Wide L, Bengtsson C
Department of Clinical Chemistry, University Hospital, Uppsala, Sweden.
Br J Haematol. 1990 Sep;76(1):121-7. doi: 10.1111/j.1365-2141.1990.tb07846.x.
The charge heterogeneity of human serum erythropoietin (S-Epo) was studied in 89 serum specimens from 78 subjects by zone electrophoresis in 0.17% agarose suspension at pH 8.6. The electrophoretic elution profiles of S-Epo were determined with a radioimmunoassay for Epo. The number of Epo peaks indicated that at least 20-30 different forms of Epo were present in a single serum specimen. The median charge of Epo, estimated as its median electrophoretic mobility, was determined for each serum specimen. This median charge was measured in 10 healthy adults, 46 patients with anaemia, six patients with secondary polycythaemia, one patient with polycythaemia vera treated by phlebotomy, and six healthy newborn infants (cord sera). Forty-four of the patients with anaemia had a median charge of S-Epo within the reference range for healthy adults, while all the patients with polycythaemia and the newborn infants had less negatively charged forms of S-Epo. In nine patients in whom the S-Epo level had a circadian rhythm, the forms of S-Epo in the evening were less negative than those in the morning. The median charge of recombinant preparations was much less negative than that of S-Epo in healthy individuals, while that of the 2nd International Reference Preparation was more negative than in any of the 78 subjects analysed. A significant change to less negatively charged S-Epo forms was observed 24 h after a subcutaneous injection of recombinant Epo in one patient, who before the injection had a normal median charge and concentration of S-Epo. In conclusion, Epo exhibits a considerable charge heterogeneity in individual serum specimens, the forms of S-Epo in the morning may differ from those in the evening, those in adults differ from those in newborn infants, and those in patients with anaemia differ from those in polycythaemia. The results also suggest that the methods used in this study may be useful for detecting the presence of injected recombinant Epo in the blood in persons with a normal endogenous Epo production.

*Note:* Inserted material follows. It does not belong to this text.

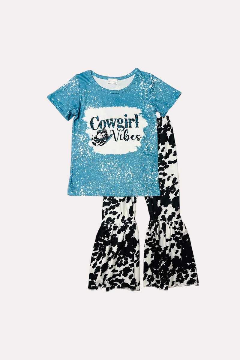 - Top features " COWGIRL VIBES" wording on a bleached turquoise background.

采用pH 8.6的0.17%琼脂糖悬浮液区带电泳法,对78名受试者的89份血清标本中的人血清促红细胞生成素(S-Epo)电荷异质性进行了研究。用促红细胞生成素放射免疫分析法测定S-Epo的电泳洗脱图谱。促红细胞生成素峰的数量表明,单个血清标本中至少存在20 - 30种不同形式的促红细胞生成素。针对每个血清标本,测定以促红细胞生成素中位电泳迁移率估算的促红细胞生成素中位电荷。对10名健康成年人、46名贫血患者、6名继发性红细胞增多症患者、1名接受放血治疗的真性红细胞增多症患者以及6名健康新生儿(脐血血清)测量了该中位电荷。44名贫血患者的S-Epo中位电荷在健康成年人的参考范围内,而所有红细胞增多症患者和新生儿的S-Epo带负电形式较少。在9名S-Epo水平具有昼夜节律的患者中,晚上的S-Epo形式比早上的带负电程度更低。重组制剂的中位电荷比健康个体的S-Epo带负电程度低得多,而第二国际参考制剂的中位电荷比所分析的78名受试者中的任何一人都更带负电。在一名皮下注射重组促红细胞生成素24小时后的患者中观察到,其S-Epo形式明显转变为带负电程度更低的形式,该患者注射前S-Epo的中位电荷和浓度正常。总之,促红细胞生成素在个体血清标本中表现出相当大的电荷异质性,早上的S-Epo形式可能与晚上不同,成年人的与新生儿的不同,贫血患者的与红细胞增多症患者的不同。结果还表明,本研究中使用的方法可能有助于检测内源性促红细胞生成素产生正常的人群血液中注射的重组促红细胞生成素的存在。